Nothing in the data should change when you return it, but leave the pictures out.

[Opening THE RECORDS section]

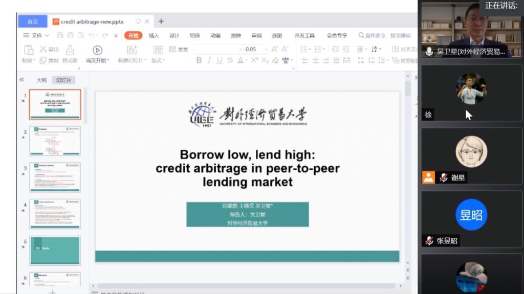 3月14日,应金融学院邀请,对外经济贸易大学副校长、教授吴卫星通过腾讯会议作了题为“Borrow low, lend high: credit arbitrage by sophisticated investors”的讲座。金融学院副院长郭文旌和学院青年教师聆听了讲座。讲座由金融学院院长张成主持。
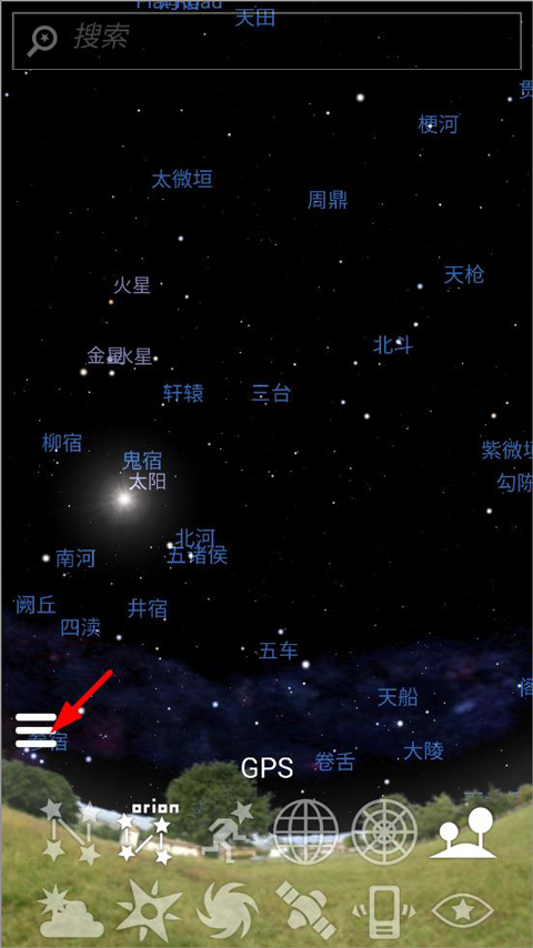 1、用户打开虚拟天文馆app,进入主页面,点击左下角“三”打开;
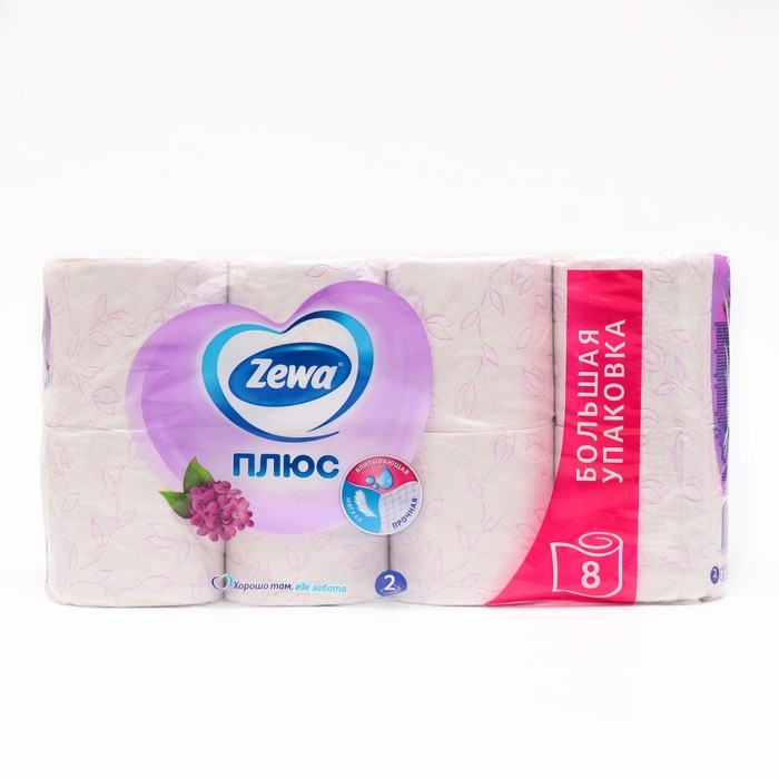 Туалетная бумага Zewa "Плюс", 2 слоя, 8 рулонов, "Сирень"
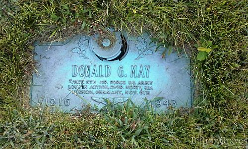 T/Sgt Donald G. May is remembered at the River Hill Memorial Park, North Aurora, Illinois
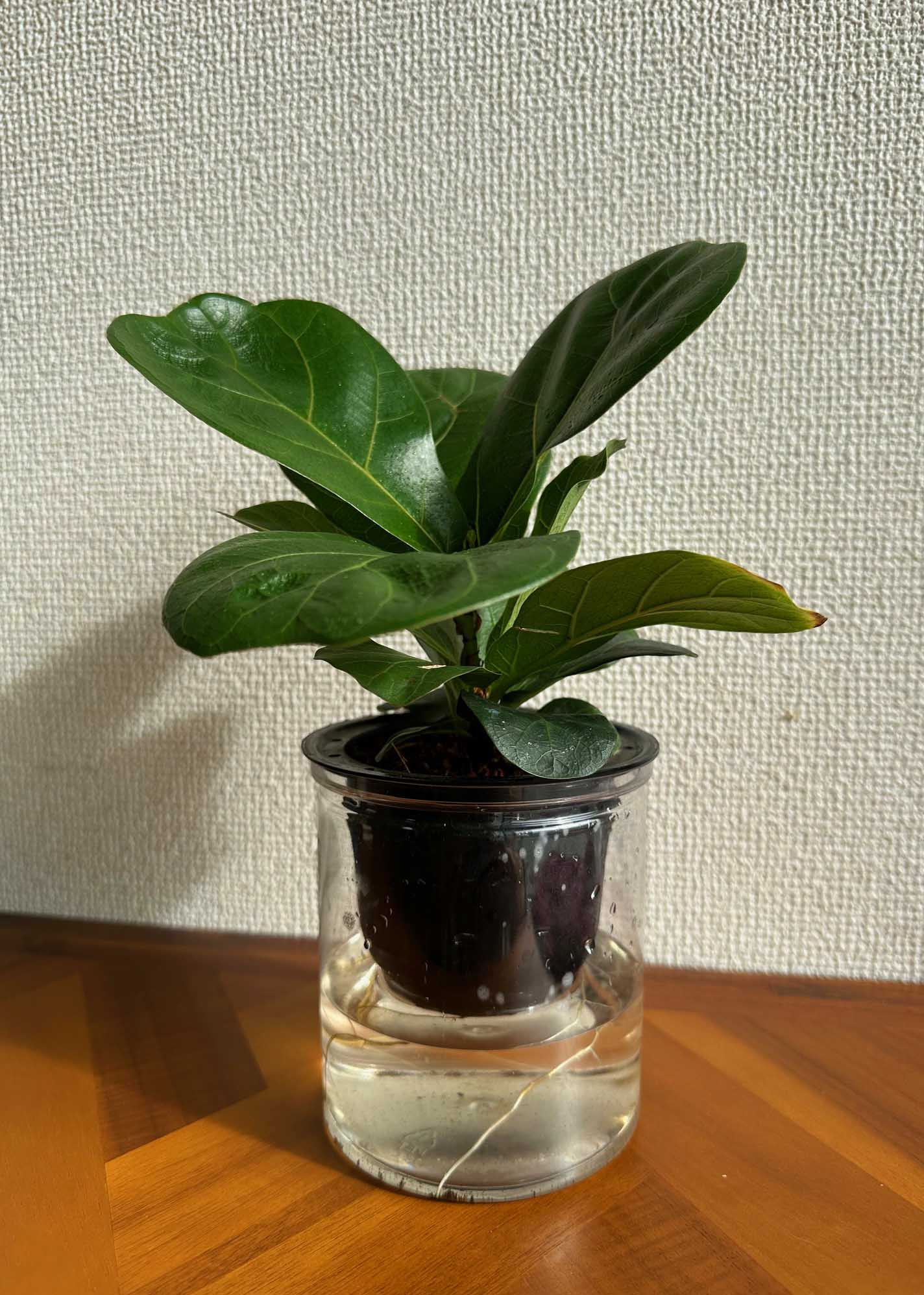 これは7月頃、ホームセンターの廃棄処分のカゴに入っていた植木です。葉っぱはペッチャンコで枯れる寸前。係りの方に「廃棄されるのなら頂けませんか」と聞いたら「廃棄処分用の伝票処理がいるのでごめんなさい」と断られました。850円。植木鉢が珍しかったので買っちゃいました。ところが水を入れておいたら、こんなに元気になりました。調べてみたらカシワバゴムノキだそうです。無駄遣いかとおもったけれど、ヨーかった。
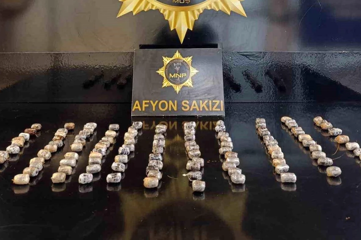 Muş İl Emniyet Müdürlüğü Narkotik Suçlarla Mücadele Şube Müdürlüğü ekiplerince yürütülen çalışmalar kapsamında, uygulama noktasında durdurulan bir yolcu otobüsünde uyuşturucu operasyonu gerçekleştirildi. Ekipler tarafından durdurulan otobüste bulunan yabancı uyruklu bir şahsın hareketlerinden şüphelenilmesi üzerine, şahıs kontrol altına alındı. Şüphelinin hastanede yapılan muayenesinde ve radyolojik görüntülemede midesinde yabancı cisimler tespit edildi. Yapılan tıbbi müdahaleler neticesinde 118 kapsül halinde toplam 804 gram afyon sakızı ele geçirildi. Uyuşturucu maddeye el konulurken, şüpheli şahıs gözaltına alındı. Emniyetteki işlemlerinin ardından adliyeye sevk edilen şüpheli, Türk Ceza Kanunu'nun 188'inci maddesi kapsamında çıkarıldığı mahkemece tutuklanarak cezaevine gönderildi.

[Closing THE RECORDS section]

● **TASK RESULT**:
 3月14日,应金融学院邀请,对外经济贸易大学副校长、教授吴卫星通过腾讯会议作了题为“Borrow low, lend high: credit arbitrage by sophisticated investors”的讲座。金融学院副院长郭文旌和学院青年教师聆听了讲座。讲座由金融学院院长张成主持。
 1、用户打开虚拟天文馆app,进入主页面,点击左下角“三”打开;
 Туалетная бумага Zewa "Плюс", 2 слоя, 8 рулонов, "Сирень"
 T/Sgt Donald G. May is remembered at the River Hill Memorial Park, North Aurora, Illinois
 これは7月頃、ホームセンターの廃棄処分のカゴに入っていた植木です。葉っぱはペッチャンコで枯れる寸前。係りの方に「廃棄されるのなら頂けませんか」と聞いたら「廃棄処分用の伝票処理がいるのでごめんなさい」と断られました。850円。植木鉢が珍しかったので買っちゃいました。ところが水を入れておいたら、こんなに元気になりました。調べてみたらカシワバゴムノキだそうです。無駄遣いかとおもったけれど、ヨーかった。
 Muş İl Emniyet Müdürlüğü Narkotik Suçlarla Mücadele Şube Müdürlüğü ekiplerince yürütülen çalışmalar kapsamında, uygulama noktasında durdurulan bir yolcu otobüsünde uyuşturucu operasyonu gerçekleştirildi. Ekipler tarafından durdurulan otobüste bulunan yabancı uyruklu bir şahsın hareketlerinden şüphelenilmesi üzerine, şahıs kontrol altına alındı. Şüphelinin hastanede yapılan muayenesinde ve radyolojik görüntülemede midesinde yabancı cisimler tespit edildi. Yapılan tıbbi müdahaleler neticesinde 118 kapsül halinde toplam 804 gram afyon sakızı ele geçirildi. Uyuşturucu maddeye el konulurken, şüpheli şahıs gözaltına alındı. Emniyetteki işlemlerinin ardından adliyeye sevk edilen şüpheli, Türk Ceza Kanunu'nun 188'inci maddesi kapsamında çıkarıldığı mahkemece tutuklanarak cezaevine gönderildi.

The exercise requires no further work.